A policeman was summoned and Mrs Turner took charge of the baby as Emma was led away. While Mrs Turner suckled her child Emma screamed abuse at her all the way back to the police station. For some reason however, Mrs Turner did not appear in court on the Wednesday, while Tullogh and Rush did. Turner somehow managed to sign the register of witnesses attending that day, despite not doing so, this would impact on her, as we shall see.
In court on the Thursday Emma Leven had sobered up and was contrite. She was ‘too fond of her children’ to ever intend to hurt them she told Mr Arnold. She had gone to the pub that evening to meet her husband and some friends; one drink had led to another and she had drunk too much. She was sorry.
Her husband was more belligerent. He told the magistrate that he didn’t believe a word of what Mrs Turner had said. Perhaps there was some bad blood there; local jealousies and neighbor disputes were all too common, feuds could develop out of the smallest slights amplified over time.
What mattered here though was not what Mr Leven believed but what Mr Arnold (as presiding magistrate) did. And he believed the case was proven.
He rebuked Mr Leven for ‘having little regard for his child’ and challenged Emma’s declaration of ‘fondness’ for her child. If, he said, ‘she chose to get so drunk that she rushed to the side of the river to throw the child in she must put up with the consequences’. She had been drunk and disorderly and he would send her to prison for a month. On her release she would have to find sureties of £20 against her good behavior for the following six months.

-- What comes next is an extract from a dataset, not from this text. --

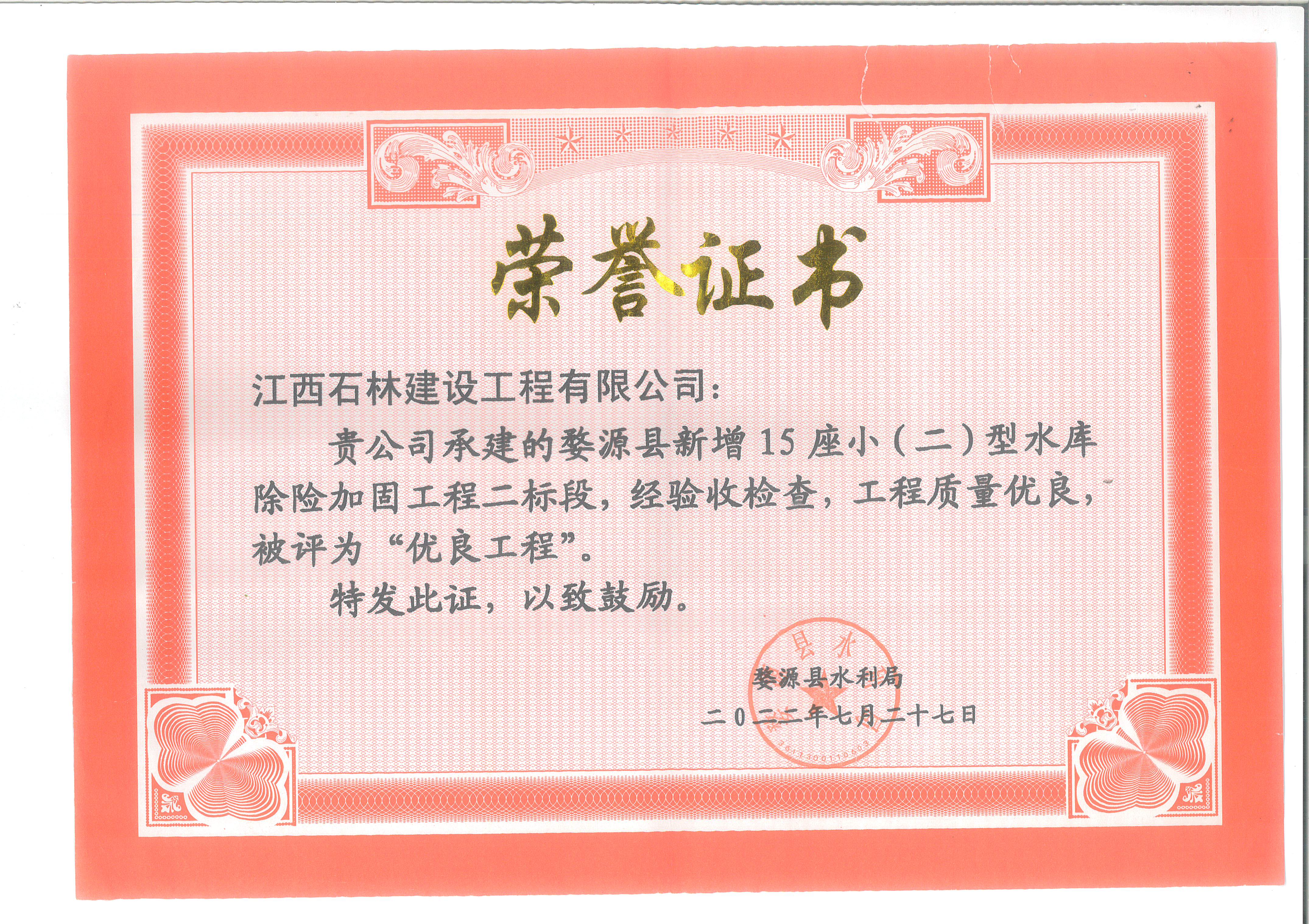 婺源县新增15座小(二)型水库除险加固工程施工二标段优良工程

Having dealt quite severely with Emma Leven he turned his attention to the witnesses.
He was full of praise for Turlough and Rush but very disappointed to hear that their employer had stopped their wages for coming to court the previous day. The pair worked at the Royal Army Clothing Factory on Grosvenor Road in Pimlico (where the Eagle pub was) and he instructed the chief inspector of B Division to pay the factory a visit.
‘The men had attended in the performance of a public duty’, he said, and ‘if they were stopped of their wages it would have the effect of deterring people from coming forward and giving evidence in the public cause’.

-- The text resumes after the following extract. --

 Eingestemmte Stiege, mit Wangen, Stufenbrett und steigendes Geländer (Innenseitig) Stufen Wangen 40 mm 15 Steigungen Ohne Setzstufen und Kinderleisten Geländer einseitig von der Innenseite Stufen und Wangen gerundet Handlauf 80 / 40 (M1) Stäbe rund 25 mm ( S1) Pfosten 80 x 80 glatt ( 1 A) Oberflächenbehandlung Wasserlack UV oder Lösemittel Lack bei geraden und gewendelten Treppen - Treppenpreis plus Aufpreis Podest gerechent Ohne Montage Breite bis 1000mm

Arnold recognised that justice relied on the participation of the general public. The men deserved praise not a penalty.
The same was not the case for Mrs Turner however. When she asked for her expenses (presumably for attending court and looking after Emma’s baby) Mr Arnold dismissed her abruptly. He had ‘no fund at his disposal expect the poor box; he told her but as she ‘had not attended the court on Wednesday, although she had signed the sheet, he should not allow her expenses’. The suspicion is then that the magistrate, while keen to recognize public spiritedness was less impressed by self-interest and dishonesty.
The Royal Army Clothing Factory was established in Pimlico in the 1850s to make and supply the British Army. It was part of the Royal Army Ordnance Corps and remained in Grosvenor Road until 1932, when it closed.

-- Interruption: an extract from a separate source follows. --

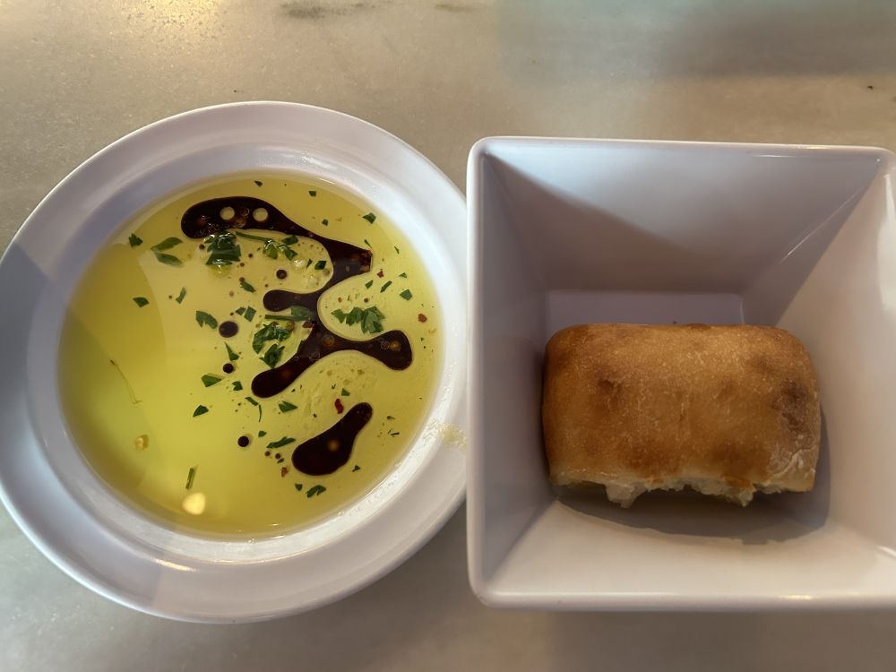 餐前小面包配橄榄油和醋,我爱吃面包沾橄榄油,但加醋还是第一次吃到:

Today the site is covered by the private housing development Dolphin Square which was erected in the 1930s following the factory’s demolition. In recent years it has been home to a number of famous people (including the tennis star Rod Laver and Princess Ann – not together I hasten to add) and several politicians including Harold Wilson and David Steel. Oswald Mostly, the most prominent British fascist of his generation, was living in the Square in 1940 when he was detained as an enemy of the state during the Second World War. Having once stayed in an apartment in Dolphin Square I can attest to its general air of opulence, but I never met any celebrities
from Morning Post Friday 30 July 1875
¹ The Eagle is still operational in Pimlico, now renamed the Grosvenor though.